User-defined document keys {#NewFeatures12UserDefinedKeys}
----------------------------------------------------------
ArangoDB 1.2 allows users to determine their own document keys to uniquely
identify documents.
In previous versions of ArangoDB, each document automatically got an `_id`
value determined by the server. The document id part of this `_id` value
was an ever-increasing integer number that the user could not change or preselect.
Additionally, big integers are hard to memoize.
ArangoDB 1.2 allows specifying own values for the document id part of the `_id`
values. This can be done by providing a `_key` attribute when creating documents.

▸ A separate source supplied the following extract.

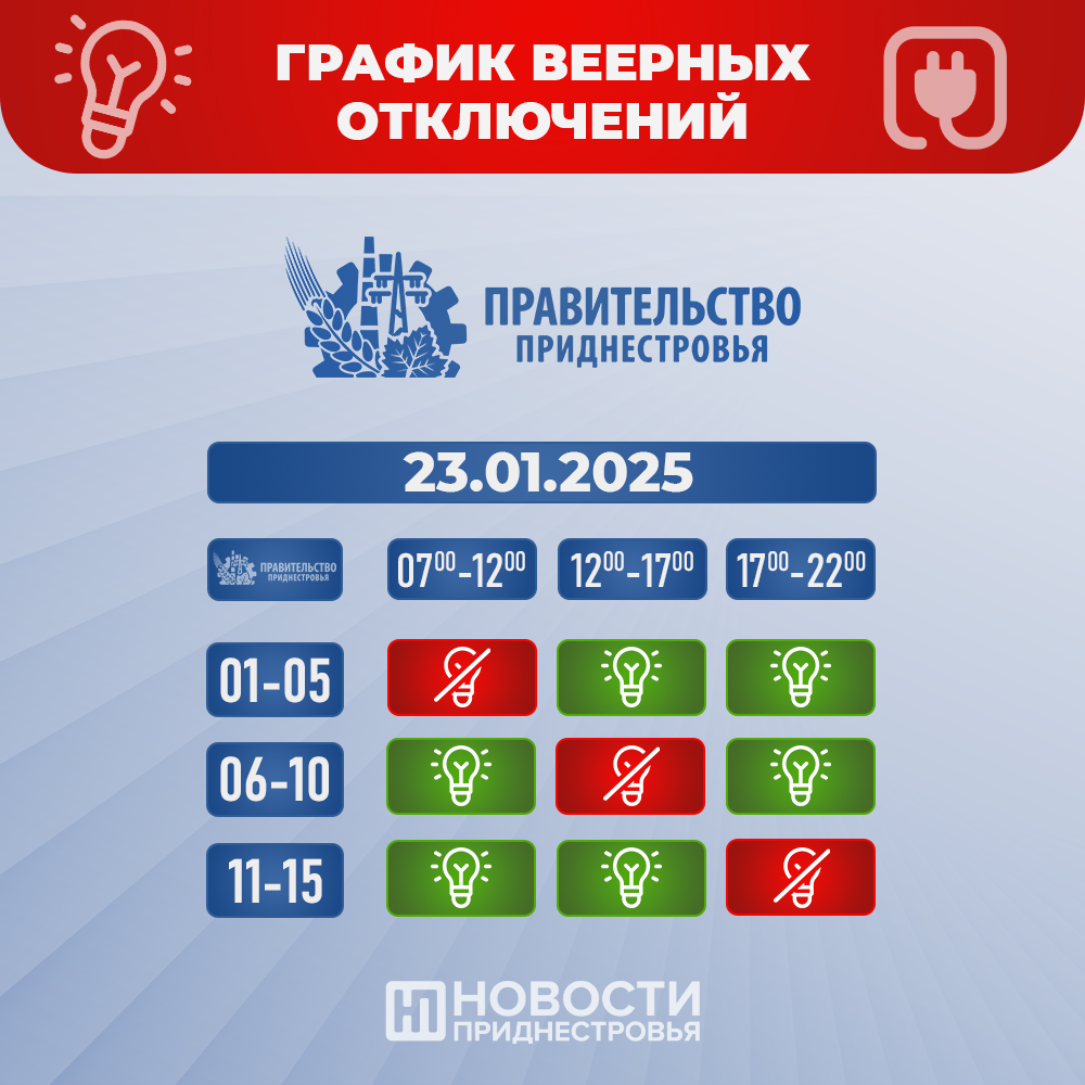 Тирасполь, 22 января. /Новости Приднестровья/. Оперштаб публикует график веерных отключений электроэнергии на 23 января.
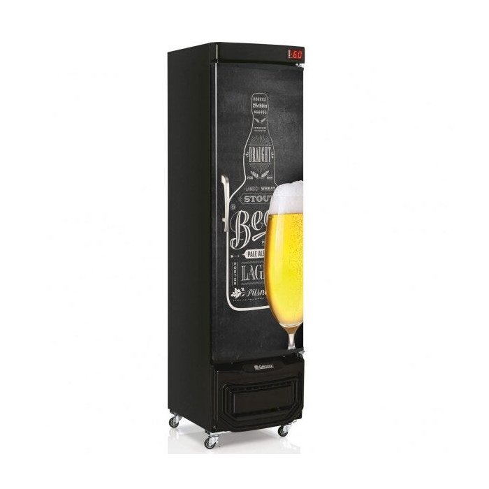 A cervejeira Gelopar foi desenvolvida especialmente para você que aprecia uma cerveja bem gelada, é ideal para refrigeração de cervejas e bebidas (água, sucos e refrigerantes), possui prateleiras reguláveis para comportar vários tipos de embalagens, é Frost Free não precisa descongelar, possui 4 regulagens de temperatura -6º, -4º, 1ºc ou 3ºc (modo economia), reguladas através de controlador eletrônico digital com indicador digital, suas medidas são altura 1844 x largura 480 x profundidade 591mm, possui porta cega adesivo quadro e copo cerveja, laterais pretas, possui gás refrigerante R290.

The value specified for `_key` will automatically become part of the `_id` value
of a document, and can be used to retrieve a document later:
arangosh> db._create("mycollection");
[ArangoCollection 316959596850, "mycollection" (type document, status loaded)]
arangosh> db.mycollection.save({ _key: "mytest" });
{ "error" : false, "_id" : "mycollection/mytest", "_rev" : "316961300786", "_key" : "mytest" }
arangosh> db.mycollection.toArray();
[ { "_id" : "mycollection/mytest", "_rev" : "316961300786", "_key" : "mytest" } ]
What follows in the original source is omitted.